In childhood and adolescence, leptin causes the brain to store fat, which regulates menstruation and other pubertal changes, and subsequently reproductive function. At the beginning of puberty, an increase in body fat mass occurs precisely due to the high concentration of leptin in the blood, which implies a qualitative transition of adolescents to the phase of puberty. If there is not enough leptin, or a gene mutation occurs, children become obese, experience irregular menstruation, remain as if in prepuberty and have problems with secondary sexual characteristics.

It turns out that leptin, or the ob protein, is a hormone produced by fat cells and reacts to any changes in the body through receptors that pave the signal path for it. Leptin signaling stimulates neuropeptides, resulting in either an absence or an increase in appetite. The level of the hormone indicates the overall energy reserve in the body, causes the central nervous system to regulate energy homeostasis.

Hormone deficiency can occur as a result of gene mutation or lipoatrophy, which leads to violations of many important functions: reproductive failure, obesity, insulin resistance, autoimmune pathologies. Therefore, the study of leptin is still going on today, and, of course, will take place in the near future to improve the early diagnosis of diseases, therapeutic measures for the correction of many nosologies.
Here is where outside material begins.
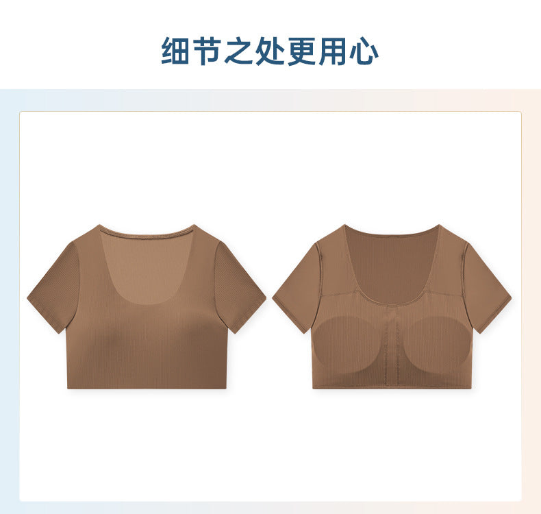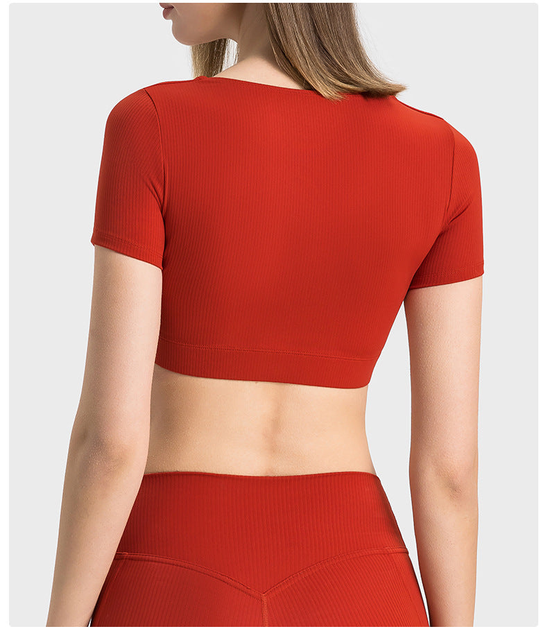 SPR striped ribbed short-slim sports short-sleeved women's cool navel exposed sexy all-match fitness yoga clothes

Leptin and infancy and puberal growth stages

Leptin causes the brain to store fat, which regulates menstruation and other pubertal changes, and subsequently reproductive function in childhood and adolescence period. At the beginning of puberty, an increase in body fat mass occurs precisely due to the high concentration of leptin in the blood. It implies a qualitative transition of adolescents to the phase of puberty. Children become obese, experience irregular menstruation, remain as if in prepuberty and have problems with secondary sexual characteristics if there is not enough leptin in their blood, or if they have a gene mutation,

It turns out that leptin, or the ob protein, is a hormone produced by fat cells and reacts to any changes in the body through receptors that pave the signal path for it. Leptin signaling stimulates neuropeptides, resulting in either an absence or an increase in appetite. The level of the hormone indicates the overall energy reserve in the body, causes the central nervous system to regulate energy homeostasis.

Hormone deficiency can occur as a result of gene mutation or lipoatrophy, which leads to violations of many important functions: reproductive failure, obesity, insulin resistance, autoimmune pathologies. Therefore, the study of leptin is still going on today. It will take place in the near future to improve the early diagnosis of diseases, therapeutic measures for the correction of many nosologies.